# what water parameters kit should i buy or need? going buy now !



## dmackey (Jan 26, 2010)

what exactly do i need to buy to check the water parameters ? im going to the fish store tonight!!! i have a ph tester already. what else i need ?


----------



## Ægir (Jan 21, 2006)

I would just buy the API master test kit... it tests nitrate, nitrite, ammonia, DKH, PH.


----------



## dmackey (Jan 26, 2010)

Ægir said:


> I would just buy the API master test kit... it tests nitrate, nitrite, ammonia, DKH, PH.

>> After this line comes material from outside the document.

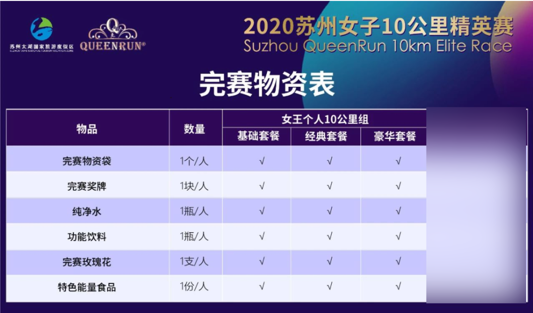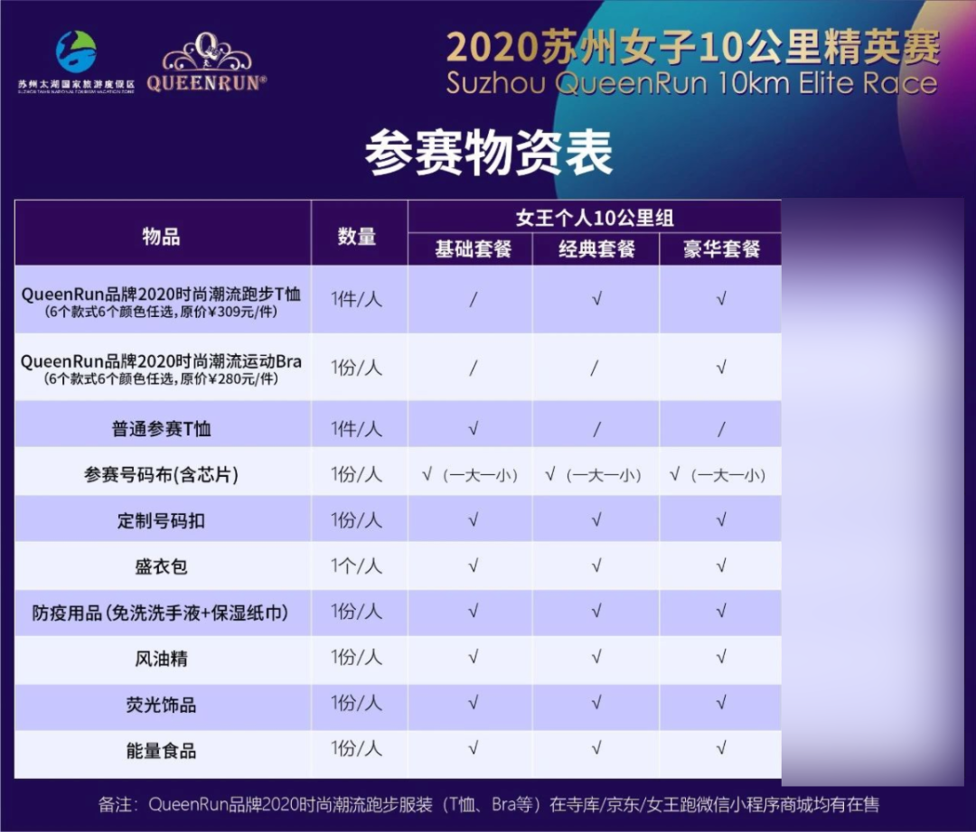 | 注:标准参赛物资:含计时芯片、参赛号码布、定制号码扣、保险、盛衣包、防疫用品、风油精、荧光饰品、能量食品、完赛物资、现场丰富大奖抽取。(QueenRun品牌2020时尚潮流跑步服装在寺库/京东/女王跑微信小程序商城均有在售) |

thanks for the quick response i need that. on my way out the door now


----------



## FEEFA (Nov 19, 2007)

Pick up an fx5 and a 125 while you're there too


----------



## dmackey (Jan 26, 2010)

Feefa said:


> Pick up an fx5 and a 125 while you're there too


in due time feefa


----------



## TJcali (Mar 27, 2009)

Feefa said:


> Pick up an fx5 and a 125 while you're there too


yeah thats a good idea I would hate for something bad happen to that beautifull piraya


----------



## dmackey (Jan 26, 2010)

kits been bought. results are posted. thanks fellas

Nitrite N0-2 1.0

Nitrate N0 -3 4.0

Ammonia 1.0

PH 6.6

High Range ph not on chat but yellow dun't know what that could mean


----------



## dmackey (Jan 26, 2010)

Feefa said:


> Pick up an fx5 and a 125 while you're there too


will the fx5 be okay for a 180gal tank ? because thats what i will most likely end up with asap. and from what i understand it looks like a canister filter and i'm planning to go with a sump system so how would that work ?


----------



## Tensa (Jul 28, 2008)

if you have a sump you dont need a canister filter your money is better spent on a powerhead if you want more circulation. but yea just as a side note your tank isnt cycled yet either so thats prob why it is cloudy at the moment.


----------



## dmackey (Jan 26, 2010)

AS fan said:


> if you have a sump you dont need a canister filter your money is better spent on a powerhead if you want more circulation. but yea just as a side note your tank isnt cycled yet either so thats prob why it is cloudy at the moment.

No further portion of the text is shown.